No doubt the president's breakfast was ruined this morning when he picked up the Washington Post and saw the front-page above-the-fold headline: "House Democrats hit boiling point over perceived lack of White House support." In it, Democratic representatives named and unnamed sound off on both Obama and his press secretary Robert Gibbs.
The boiling point came Tuesday night during a closed-door meeting of House Democrats in the Capitol. Speaker Nancy Pelosi (Calif.) excoriated White House press secretary Robert Gibbs's public comments over the weekend that the House majority was in doubt and that it would take "strong campaigns by Democrats" to avert dramatic losses. "What the hell do they think we've been doing the last 12 months? We're the ones who have been taking the tough votes," Rep. Bill Pascrell Jr. (N.J.) said in an interview Wednesday.
But wait, there's more!
"What they wanted to do is separate themselves from us," Pascrell said Wednesday. He accused the White House of wanting to preemptively pin the blame on lawmakers running poor campaigns should Democrats lose the majority and not on Obama's own sagging approval ratings. At the Tuesday night meeting with Pelosi, lawmakers groused that the White House was taking them for granted. Pascrell was especially vocal and punctuated his complaints by reading Gibbs's comments word for word in front of the caucus. After he spoke, Pelosi interjected. "I disagree on one point—I think you were too kind to Mr. Gibbs," she said, according to Democrats familiar with her comments.
Some pundits have speculated Gibbs's mention that the House might fall was intended to jolt the base—if they don't head to the polls this November the party of Rush Limbaugh, Sarah Palin, et al, would takeover one or possibly two chambers of Congress. But based on Paul Kane's reporting in the Post, other Democrats seem to interpret Gibbs's utterance as a sign the White House is focusing now on saving the Senate, which they suspect Obama favors over the House. The House is doomed and there's nothing the president can do about it. But thanks for casting those controversial votes. (Kane also points to the few occasions the president has stumped for House members versus the more numerous times he's gone to bat for friends in the Senate.)

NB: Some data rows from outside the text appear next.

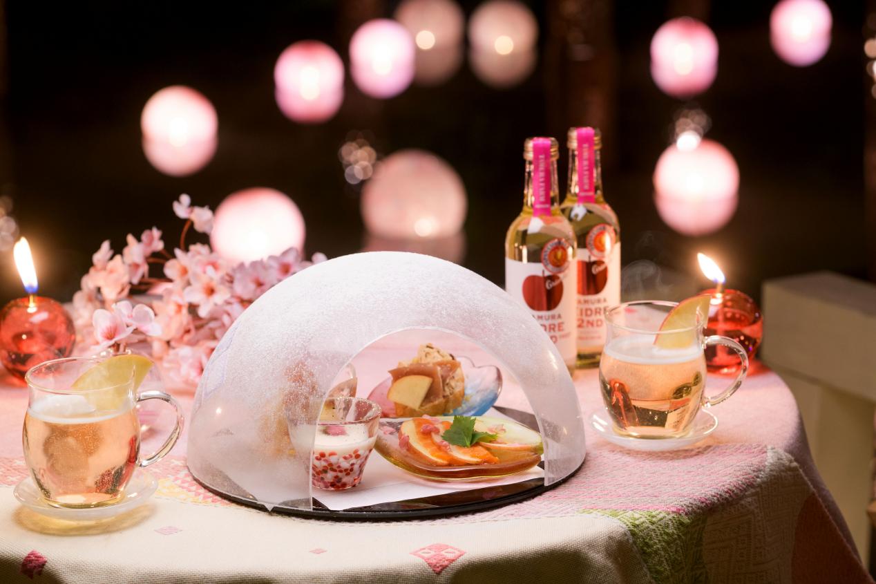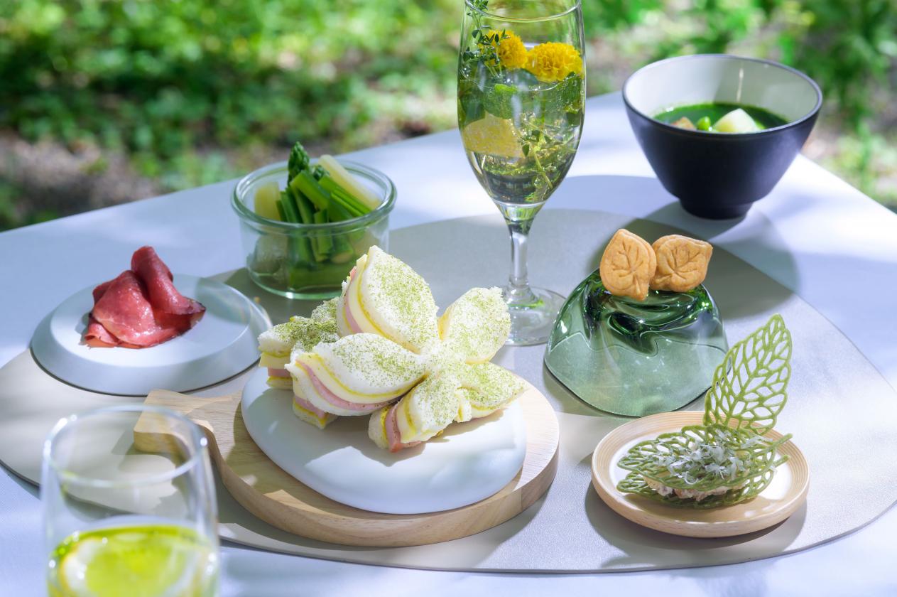 您将品尝到以苹果与生火腿、芝士制成的卡纳佩,以及苹果冷汤,所有小食均盛放在采用津轻玻璃制作的器皿中。器皿的色彩层次描绘了从雪融、萌芽到樱花绽放的春日更迭,让您在品味美食的同时,亦能从视觉上感受春之来临。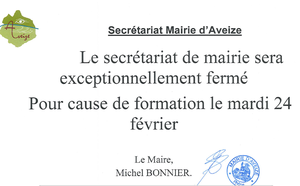 Fermeture Mairie : 31.01, 21.02, 24.02 et 07.03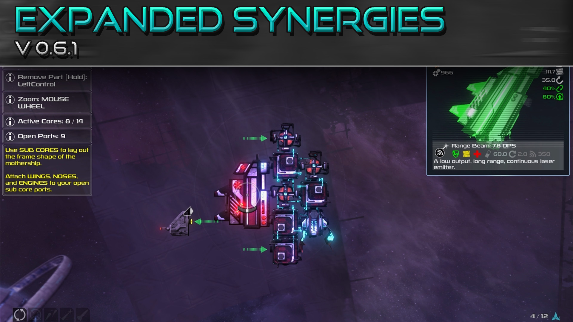 The biggest change is that synergies now spread to attached wings, noses and engines. The peripheral parts do not add to the synergy, but they do feed off the synergies of the cores that they are attached to.
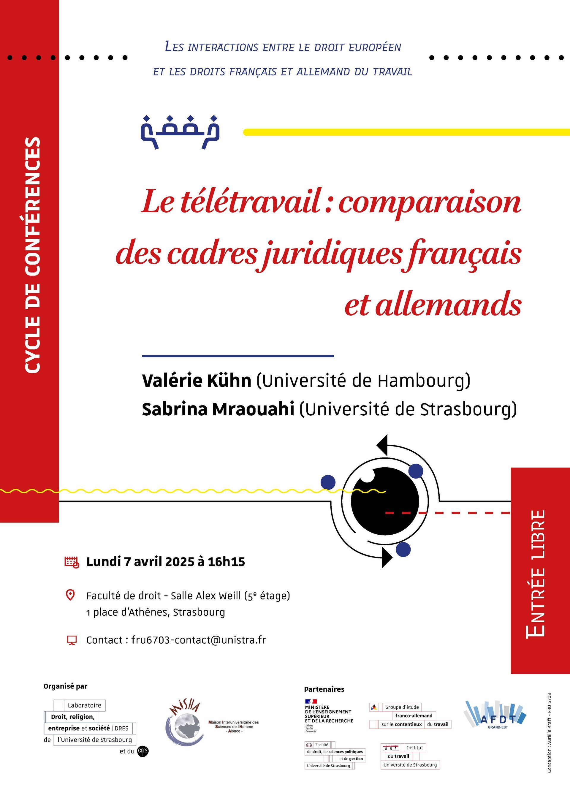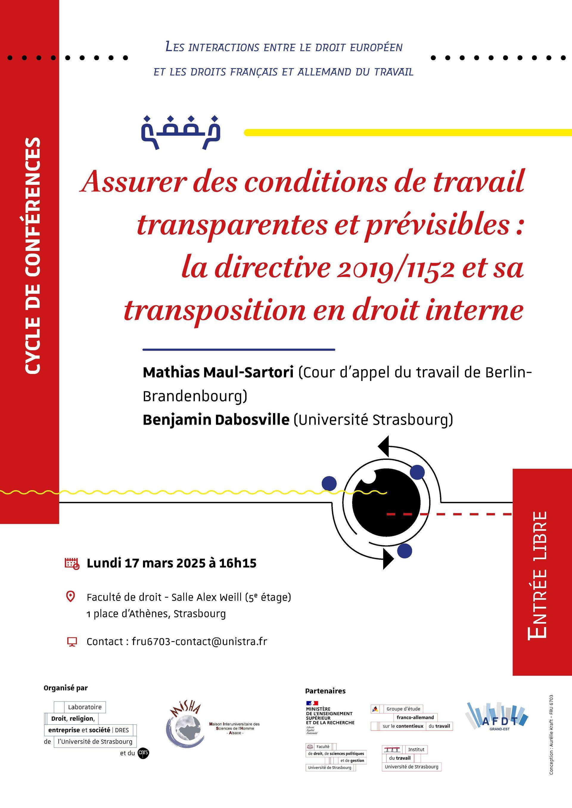 L’équipe Droit social de l'UMR 7354 Droit, Religion, Entreprise et Société (DRES), le laboratoire franco-allemand de la Maison Interuniversitaire des Sciences de l’Homme – Alsace (MISHA) et la section Grand-Est de l'Association française de droit du travail (AFDT) ont le plaisir d’organiser une série de conférences portant sur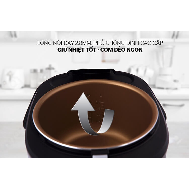 Bên trong lòng nồi có thang đo với các vạch mức rõ ràng giúp bạn tính toán và nấu đúng lượng gạo và lượng nước cho cơm chín ngon, đúng ý. Dung tích lên đến 1.8 lít phù hợp cho gia đình 4 – 6 thành viên.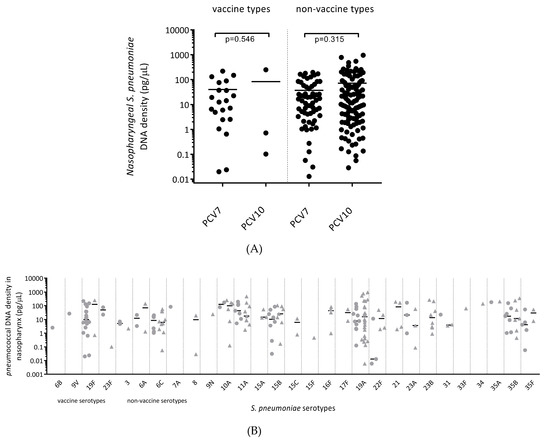(A) Pneumococcal vaccine and non-vaccine serotype carriage density in the nasopharynx of PCV7- and PCV10-vaccinated children. Data are presented for each individual child, with the horizontal bars depicting the median density of vaccine-types and non-vaccine types in pg/μL of pneumococcal DNA. (B) Serotype-specific carriage density in the nasopharynx of PCV7- and PCV10-vaccinated children. Data are presented for each individual child, with the horizontal bars depicting the median density of specific pneumococcal serotypes in pg/μL of pneumococcal (lytA) DNA. Circles represent PCV7-vaccinated children and triangles represent PCV10-vaccinated children.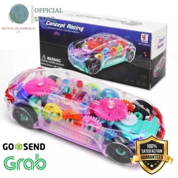 Mobil mobilan transparan yang berisi gear. Gear dapat berjalan ketika mobil berjalan. Mobil di lengkapi lampu dan musik, menambah seru ketika bermain.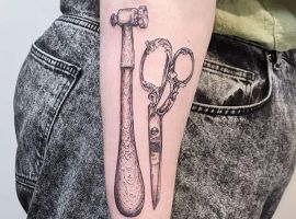 Один з найпопулярніших варіантів барбер татуювання або перукаря – це ножиці. Вони однаково добре підійдуть як чоловікам, так і жінкам. Якщо говорити про загальне трактування цього символу, то воно буде досить багатогранним. “Сім разів відміряй – один раз відріж” – йдеться у відомій приказці. Сенс ножиць як символу полягає в обачності, в тому, що людина, яка вибирає таку ідею, продумує ретельно всі свої кроки наперед. Але в той же час ножиці є і символом творчості, адже неможливо створити дієво щось нове, якщо не «відрізати» старе.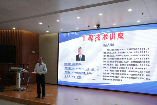 12月10日,成都飞机工业(集团)有限责任公司科技委副主任、我院行业教师韩维给自动化专业卓越班的同学带来了一场题为“适航管理概论”的主题讲座。由于疫情影响,本次讲座采用天目湖校区和将军路校区线上线下结合的形式举行。亚洲成人一区院长江驹教授、通用航空与飞行学院院长王勤教授、亚洲成人一区副院长王晓琳教授、课程负责人张绍杰老师及亚洲成人一区、民航学院、通用航空与飞行学院师生参加了本次讲座。讲座由江驹院长在天目湖校区主持。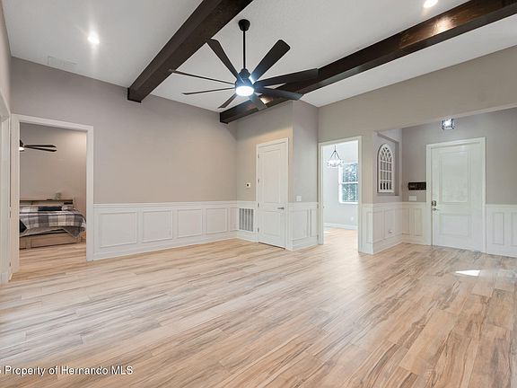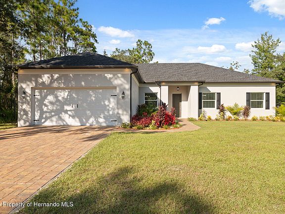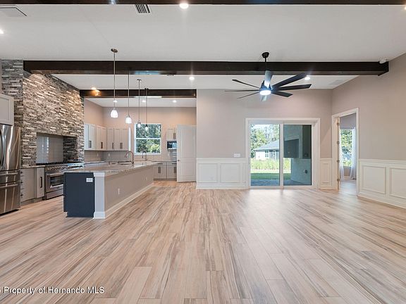 One or more photo(s) has been virtually staged. This stunning 3-bedroom, 3.5-bathroom home with a 2-car garage sits on a beautifully landscaped oversized corner lot, offering both privacy and elegance. The property features a split floor plan and an open layout with luxury vinyl flooring throughout. The primary suite includes two spacious walk-in closets and an elegant en-suite bathroom with a double vanity, a step-in shower with floor-to-ceiling calming gray tile, a private water closet, a separate soaking tub, a built-in wall niche, and a window for natural light. The additional bedrooms each include walk-in closets and private en-suite bathrooms with tub/shower combinations, and all three full bathrooms feature state-of-the-art LED vanity mirrors with touch controls and luxurious floor-to-ceiling tile. The open-concept kitchen and living area offer both comfort and style, highlighted by wooden ceiling beams, solid wood cabinets, stone countertops, and picture frame wainscoting in the living and dining rooms. The gourmet kitchen features two gas ranges framed by a stunning stone wall and upscale white tile backsplash, stainless steel appliances, granite counters, and two sinks—one in the island/breakfast bar and another beneath a window with beautiful outdoor views—along with a large walk-in pantry and contemporary two-tone cabinetry in light and dark grays. The living room opens through sliding glass doors to a spacious rear covered porch overlooking a peaceful yard surrounded by oak trees and natural woodlands, and a versatile office off the living room can also serve as a fourth bedroom. The laundry room includes a closet, storage shelving, sink, and convenient corridor access, while additional highlights include high ceilings, double-pane Energy Star-qualified windows with impact and thermal glass, a fuel tank, and a full irrigation system. Current homeowner have maintained an insurance policy with a reasonable premium. and no flood insurance is required as the property is not located in a flood zone. This home offers a rare blend of elegance, comfort, and privacy while remaining close to Weeki Wachee Springs, Hernando Beach waterfront dining, and Brooksville Country Club, making it the perfect balance of modern living and Florida natural charm.

Most amusing is the concluding analogy, in which one Democrat compares his House colleagues to Mikey from the Life cereal commercials: "There's a sense that's the White House's attitude toward us," the lawmaker told the Post. "And now, Mikey ate it and he's choking on it, and there's no appreciation."
Even worse, come November, Mikey's going to stuff his mouth with Pop Rocks, drink a can of soda, and his face will explode.